# Source material

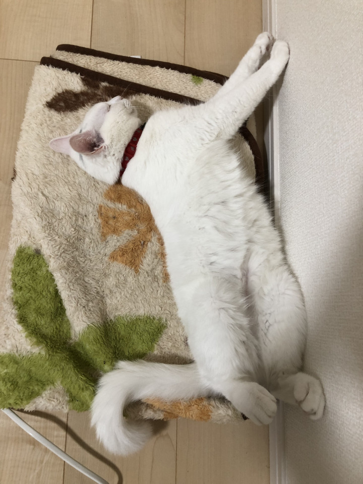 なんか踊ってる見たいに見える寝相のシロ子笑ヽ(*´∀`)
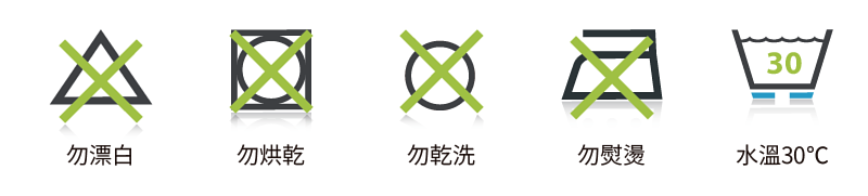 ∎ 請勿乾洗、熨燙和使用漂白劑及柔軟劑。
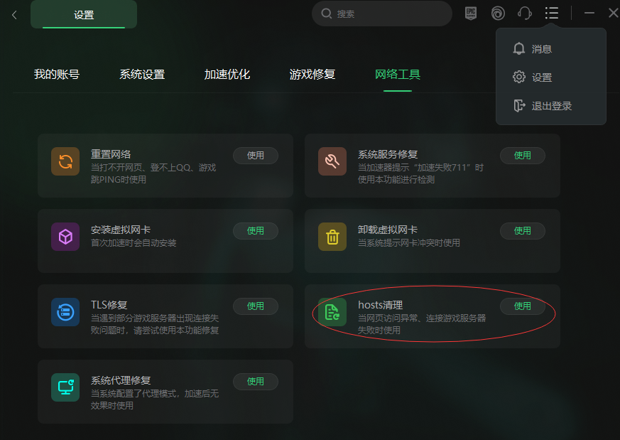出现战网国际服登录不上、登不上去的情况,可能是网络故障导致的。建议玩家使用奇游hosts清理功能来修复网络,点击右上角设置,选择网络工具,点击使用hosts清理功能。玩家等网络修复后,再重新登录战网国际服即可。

--

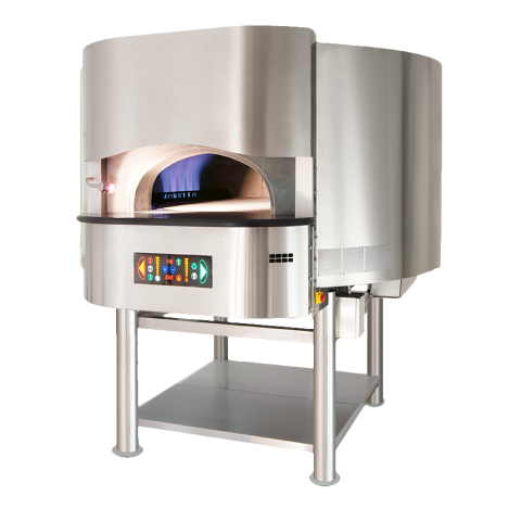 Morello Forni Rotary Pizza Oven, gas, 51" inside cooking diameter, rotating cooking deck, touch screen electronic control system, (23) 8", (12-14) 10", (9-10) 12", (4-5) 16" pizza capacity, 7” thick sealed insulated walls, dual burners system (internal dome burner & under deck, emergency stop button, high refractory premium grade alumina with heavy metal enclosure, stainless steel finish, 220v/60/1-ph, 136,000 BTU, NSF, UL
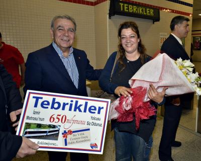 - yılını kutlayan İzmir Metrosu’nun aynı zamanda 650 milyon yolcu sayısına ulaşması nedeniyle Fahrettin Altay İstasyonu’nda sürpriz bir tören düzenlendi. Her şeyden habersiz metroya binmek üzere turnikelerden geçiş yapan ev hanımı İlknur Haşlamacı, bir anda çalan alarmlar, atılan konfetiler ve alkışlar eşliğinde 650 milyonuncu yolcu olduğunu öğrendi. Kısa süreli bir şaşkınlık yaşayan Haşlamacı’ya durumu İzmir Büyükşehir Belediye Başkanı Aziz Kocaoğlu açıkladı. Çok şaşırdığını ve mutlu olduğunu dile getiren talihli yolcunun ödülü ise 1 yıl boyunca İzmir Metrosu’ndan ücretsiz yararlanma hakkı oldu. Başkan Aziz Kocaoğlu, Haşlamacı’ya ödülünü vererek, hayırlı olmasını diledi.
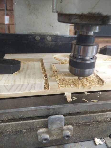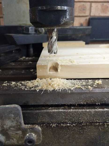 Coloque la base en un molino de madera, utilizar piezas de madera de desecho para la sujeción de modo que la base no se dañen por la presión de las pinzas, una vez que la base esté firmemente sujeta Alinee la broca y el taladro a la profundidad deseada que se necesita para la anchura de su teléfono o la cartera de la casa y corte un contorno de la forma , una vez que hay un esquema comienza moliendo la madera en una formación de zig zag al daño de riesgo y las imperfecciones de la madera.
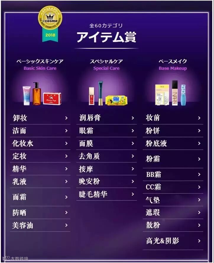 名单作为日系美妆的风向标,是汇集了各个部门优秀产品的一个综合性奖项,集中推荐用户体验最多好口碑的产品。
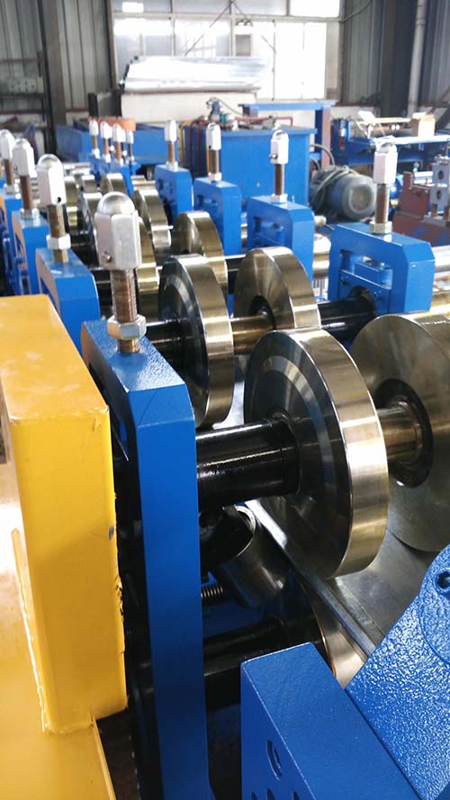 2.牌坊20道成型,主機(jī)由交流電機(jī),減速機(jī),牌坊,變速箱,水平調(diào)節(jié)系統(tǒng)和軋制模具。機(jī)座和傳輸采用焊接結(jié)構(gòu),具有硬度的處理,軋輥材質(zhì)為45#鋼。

# Prompt
Above are the records. Copy word for word only their lines from the one holding "名单作为日系美妆的风向标,是" through the one holding "2.牌坊20道成型,主機(j", both included, and skip the images.

# Result of the task
 名单作为日系美妆的风向标,是汇集了各个部门优秀产品的一个综合性奖项,集中推荐用户体验最多好口碑的产品。
 2.牌坊20道成型,主機(jī)由交流電機(jī),減速機(jī),牌坊,變速箱,水平調(diào)節(jié)系統(tǒng)和軋制模具。機(jī)座和傳輸采用焊接結(jié)構(gòu),具有硬度的處理,軋輥材質(zhì)為45#鋼。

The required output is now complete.